Commanders and leaders
- Hermann von François: Paul von Rennenkampf

Units involved
- I Corps: 25th Infantry Division 27th Infantry Division 29th Infantry Division 40th Infantry Division

Strength
- 18,000: 50,000

Casualties and losses
- 1,500: 619 killed 2,382 wounded 4,466 captured Total: 7,467

= Battle of Stallupönen =

1914 battle on the Eastern Front of World War I

The Battle of Stallupönen, fought between Russian and German armies on August 17, 1914, was the opening battle of World War I on the Eastern Front. The Germans under the command of Hermann von François conducted a successful counterattack against four Russian infantry divisions from different infantry corps, which heavily outnumbered them but were separated from each other, creating a gap between the 27th Infantry Division and the 40th Infantry Division, and had little coordination with each other. The Germans retreated to Gumbinnen thereafter.

==Prelude==
According to Prit Buttar: The Dual Alliance and Franco-Russian Treaty, and the obligations contained within them, would prove to be major mechanisms in the outbreak of war in 1914. The obligations of interlocking treaties now imposed themselves upon the plans and intentions of the military commanders.
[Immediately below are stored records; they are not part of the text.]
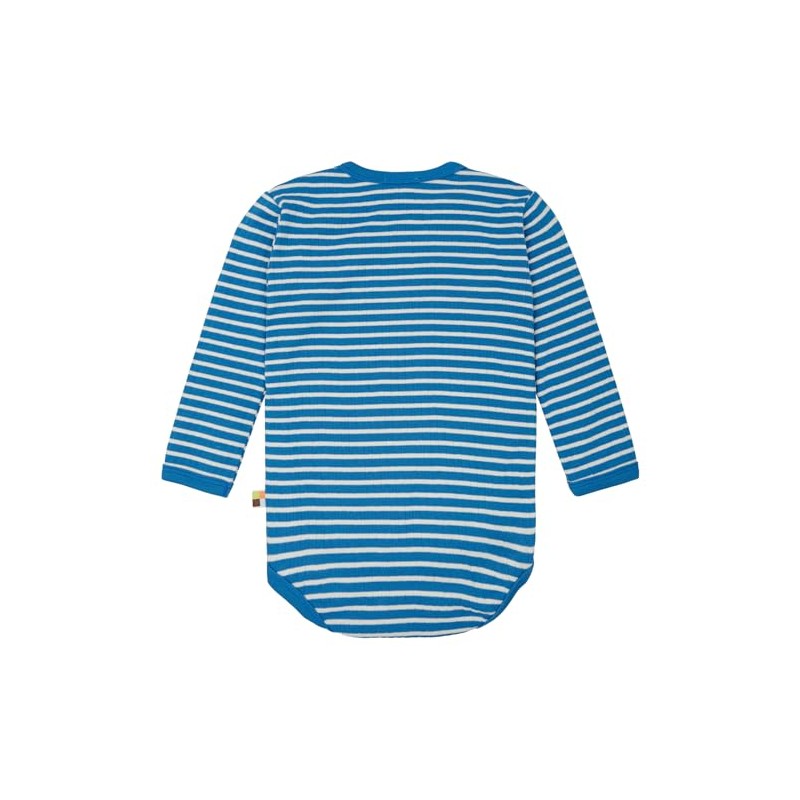 loud + proud Wrap Bodysuit Long Sleeve Striped Organic Cotton GOTS Certified, azure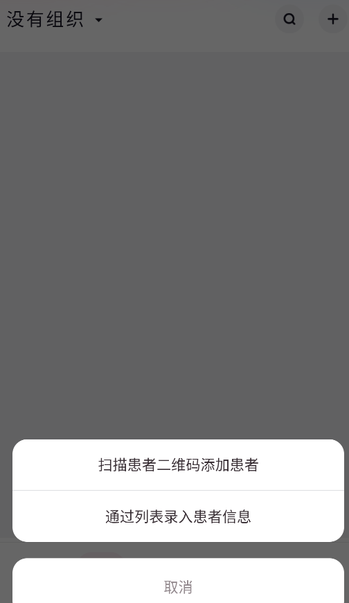 2、通过“患者管理”扫描电子健康卡二维码添加病历,或手动录入基本信息建立档案。
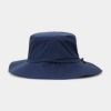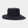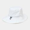 耐水圧20,000mm・透湿20,000gの高機能素材を使用したレインハット。後部のスピンドルゴムで簡単にサイズ調整が可能で、ベンチレーション付きなのでハット内の蒸れを防ぎ快適に着用できます。広めのツバが首の後ろまでしっかりカバーするデザインで、雨の日のゴルフも安心です。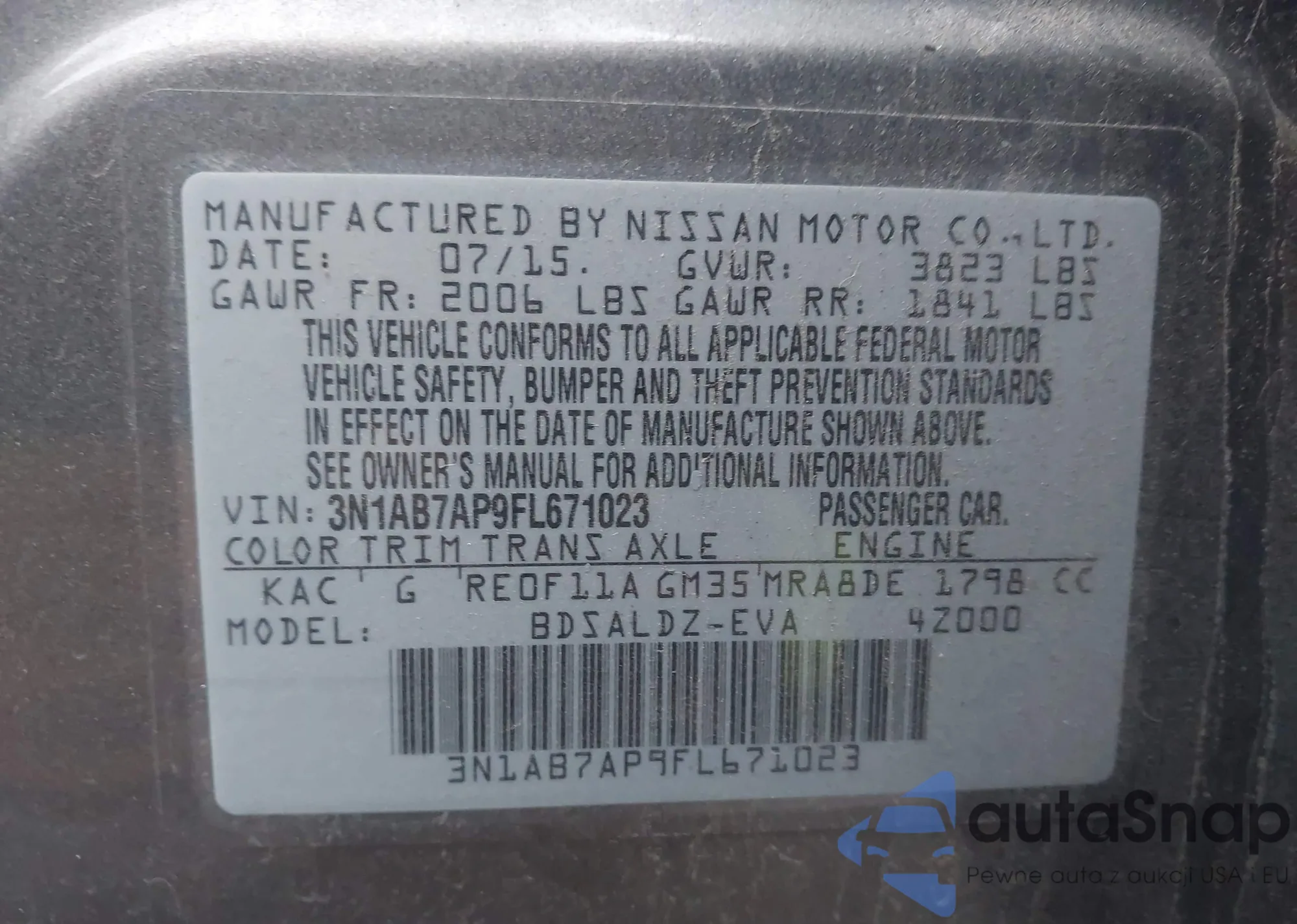 VIN: 3N1AB7AP9FL671023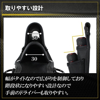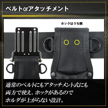 MASTER TOOLの腰道具PROシリーズ。幅がタイトなので広がりを抑制しており、階段状になりやすい設計で手前のドライバーも取りやすい。ベルトを通す部分にはホックがあり、ベルトを通す場合はホックを外すとスムーズにベルトを通すことができ、アタッチメントをつける場合はホックを止めることでホルダが上がることを止めることができる。ワンポイントのタグ文字が金色なので、男性でも女性でも扱いやすい。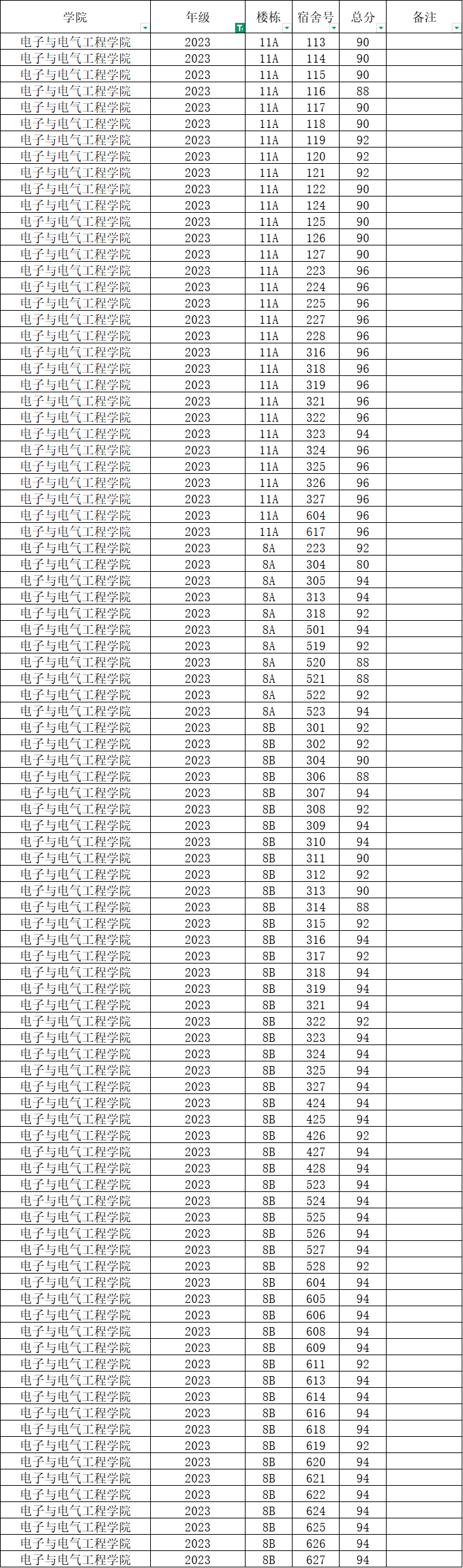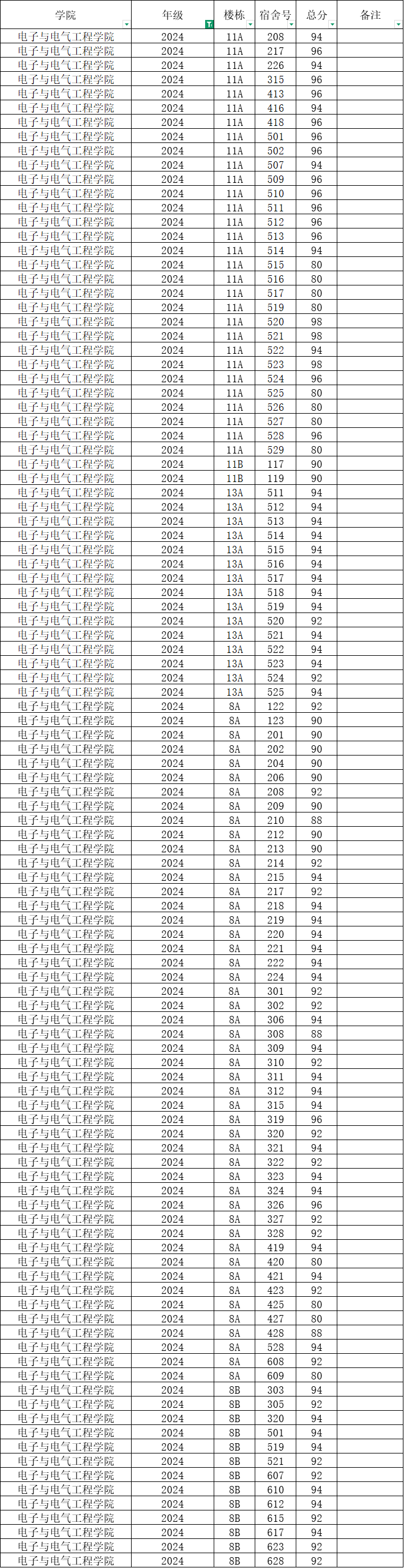 根据统一安排,现将学院本学期第7周寝室公检情况公布如下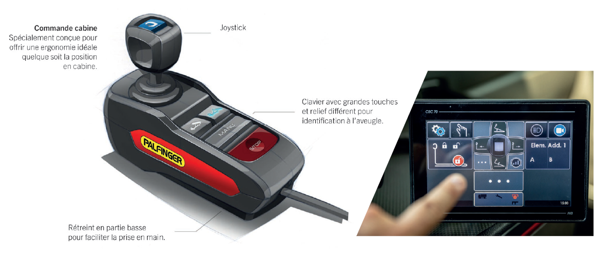La commande cabine avec son mono-josytick contrôle précisement les mouvements de la benne pendant que l’écran informe l’opérateur de la position du bras dans son environnement.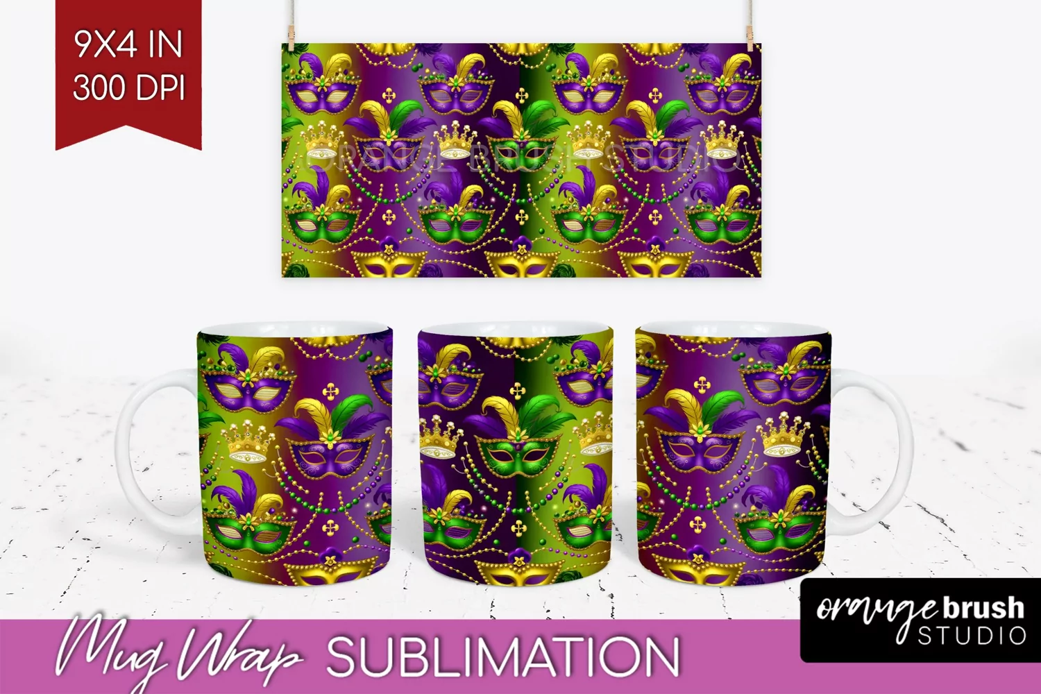 Mardi Gras Mug Wrap - Carnival Mug PNG Sublimation example image 1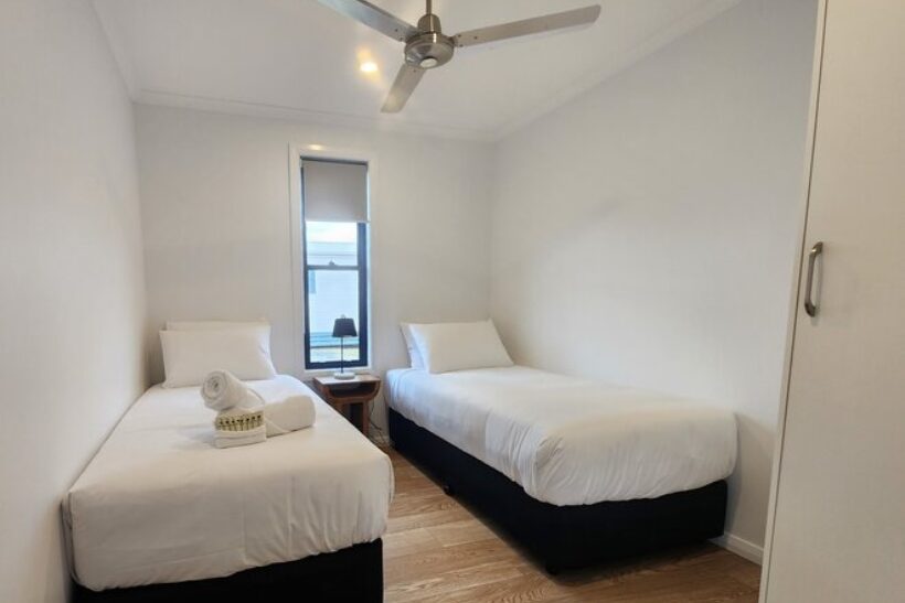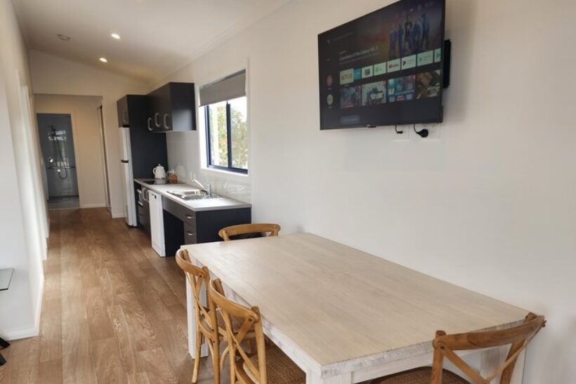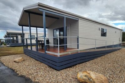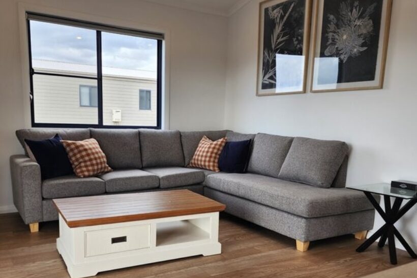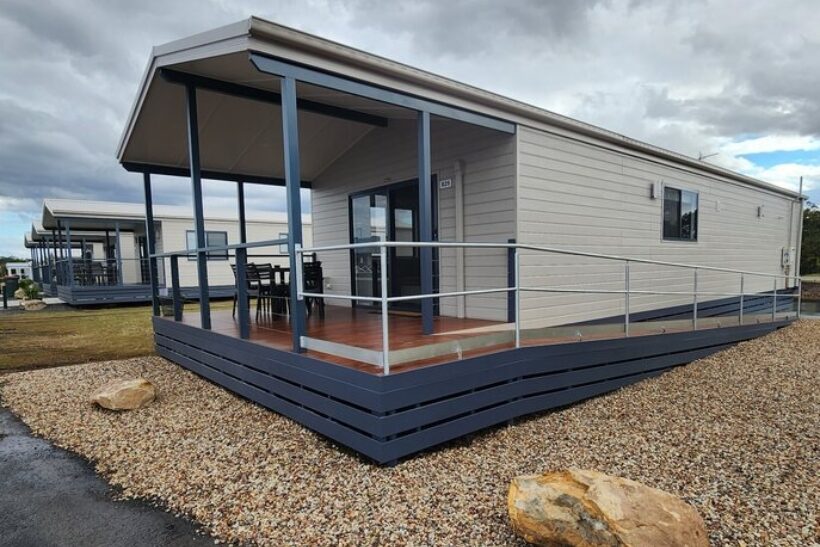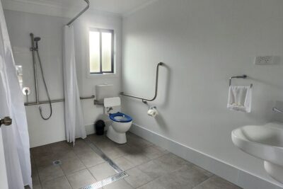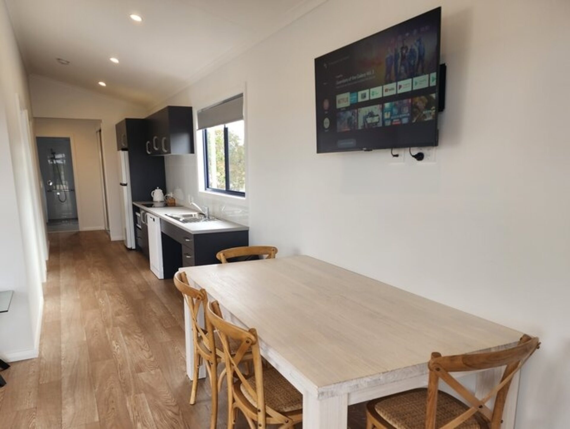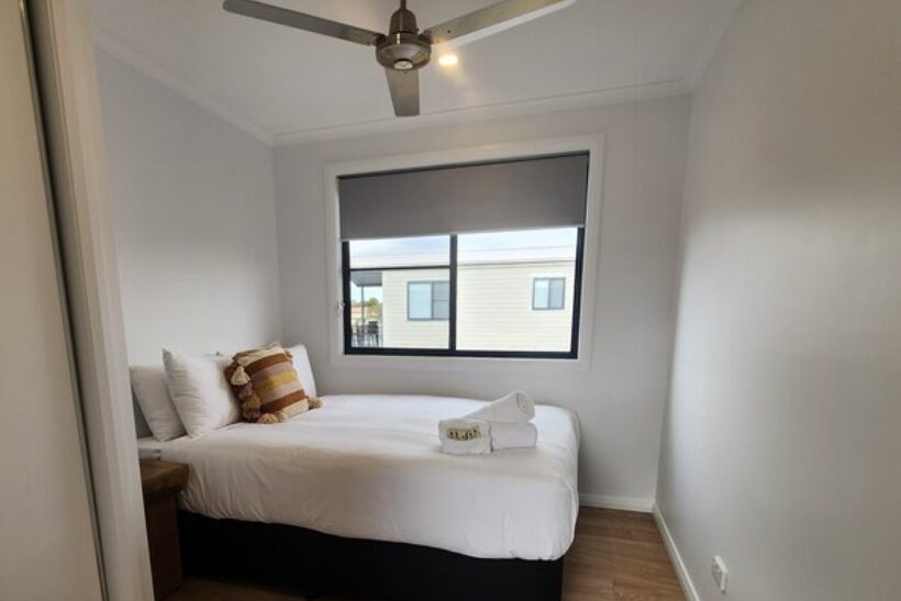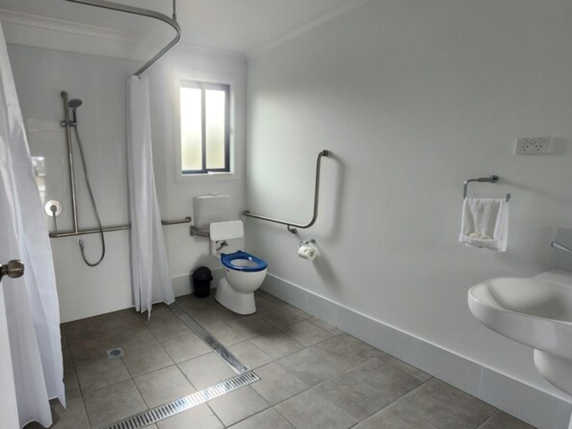 Designed for comfort and accessibility, this three-bedroom cabin sleeps up to six with two queen beds and two single beds. It features a private bathroom with accessible amenities, full kitchen with electric cooktop, microwave, dishwasher, and full-size fridge. Enjoy reverse cycle air conditioning and a spacious outdoor deck with dining set.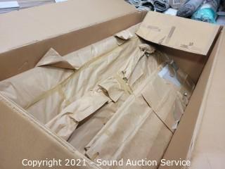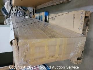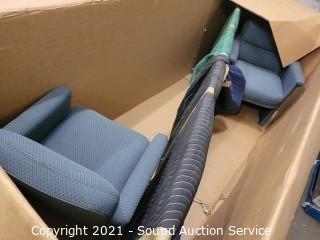 Lot Details: Unknown contents, appears to be office supplies, Panels, unsure, see 2 office chairs. As is. Refer to photos or come in to preview for more info. boxes are approx. 40" x 8ft, crate is 43" x 15" x 9ft.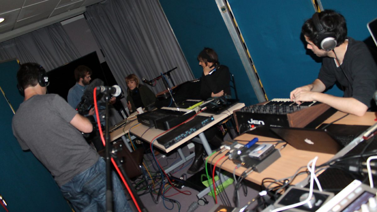 Griff Lynch yn siarad gyda'r criw ar ol recordio trac un.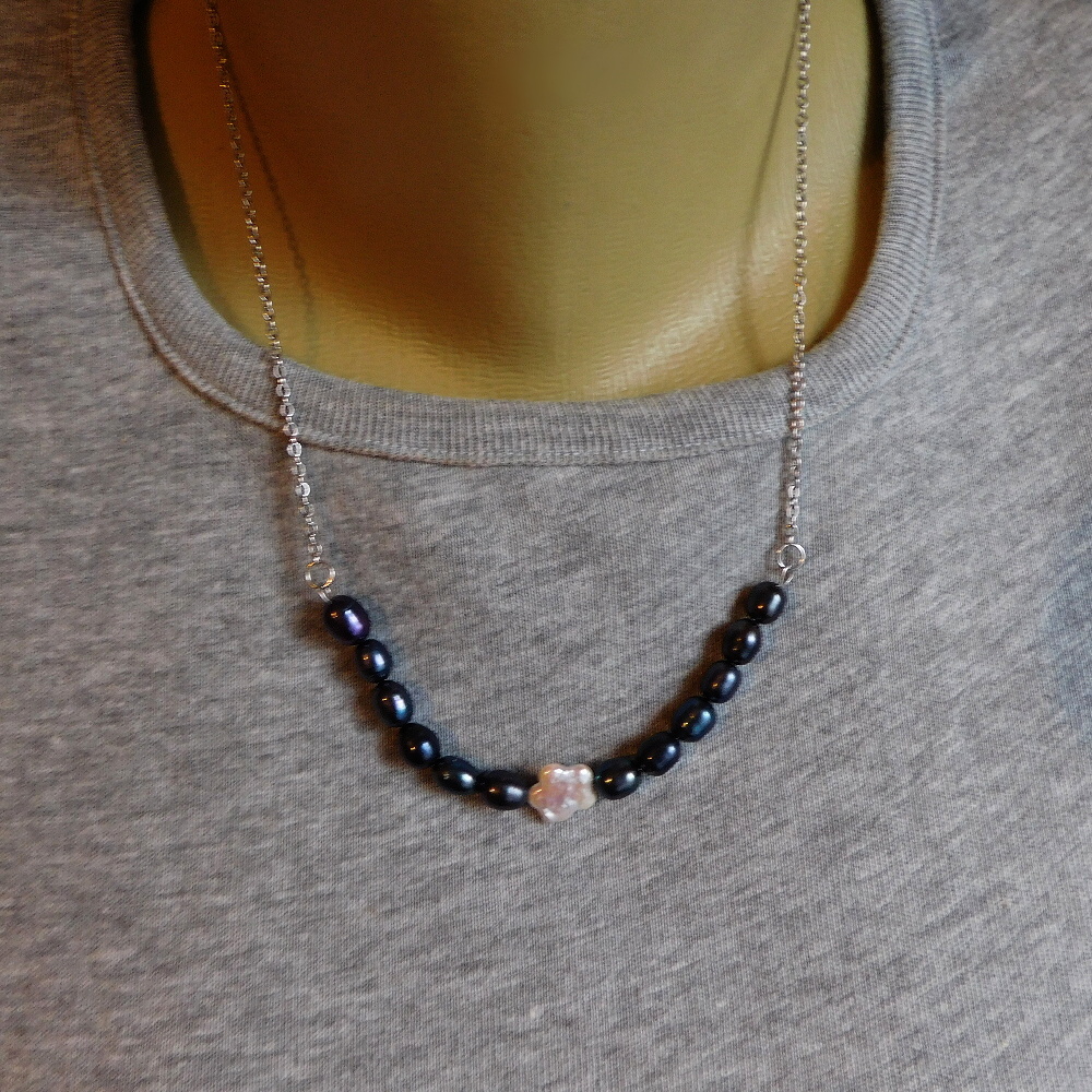 Náhrdelník je vyrobený z krásné keshi perly a malých tmavých říčních perlí ...Velmi moderní a pěkné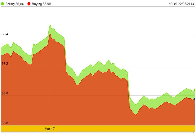 Tỷ giá hối đoái ngày 21/3/2014 và thay đổi so với ngày 14/3/2014 (Nguồn: Vietcombank)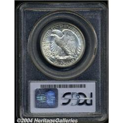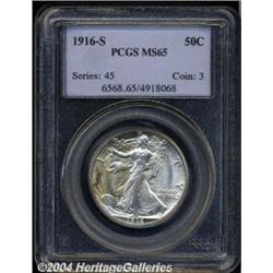 <B>1916-S<50C> MS65 PCGS.</B></I> The '16-S is by a wide margin the scarcest of the three 1916 Walking Liberty issues in any grade. It is also a challenging strike rarity. This piece is well defined on Liberty's hand and head area, being just a trifle soft on her skirt lines, an area that is characteristically weak on early issues. The surfaces are mostly brilliant, save for an area of spotty golden-brown toning at the left side of the obverse, and show the usually seen fine-grain, matte-like texture. Population: 71 in 65, 12 finer (7/04).<BR><I>From The Dr. Frank Lanza Collection of Walking Liberty Half Dollars.</B></I> <BR><BR><B>Important notice:</B> Heritage usually auctions material at the rate of 200-250 lots per hour. On some occasions eBay Live bid software or the Internet may not be able to keep up with the pace of the auction. We recommend placing a realistic absentee bid now as insurance to avoid disappointment. Occasionally the auctioneer may eliminate or reject an eBay Live bid, and the auctioneer may also reopen a lot after the close of the eBay live bidding (usually because we missed an audience bid), and may reject your bid even if it shows you as the winning bidder. By bidding via eBay Live, you agree that Heritage may award the lot to another bidder at its sole discretion under the circumstances described above or any other reasonable circumstances. Since eBay bids are not shown to us until we open the lot on the floor, we treat those bids just like floor bids. In most cases the floor responds before the eBay bid is presented to us, due to Internet lag time, so for consistency we have made it a policy that floor bids are always considered first over tie eBay live bids. Also please note that all Heritage lots purchased through eBay Live carry a 20% Buyer's Premium. Please make sure you read the Terms and Conditions before you bid. </span></font></tr></table></td></tr></table>

Russia had mobilised with a view to attacking Austria-Hungary in support of Serbia, but as German mobilisation would result in a major attack on France, the Russians had to devote the main strength of their regular army to launching an early attack on East Prussia in an attempt to draw off German troops from the Western Front.Germany's attack on France followed the Schlieffen Plan, a flanking advance through Belgium, with limited forces opposing Russia until a rapid victory over France freed up troops for the Eastern Front. France was counting on an early Russian attack on Germany, forcing the German redeployment of troops from the Western Front. Likewise, Russia was optimistic a quick attack on East Prussia to the Vistula would be decisive, allowing Russia to attack Galicia.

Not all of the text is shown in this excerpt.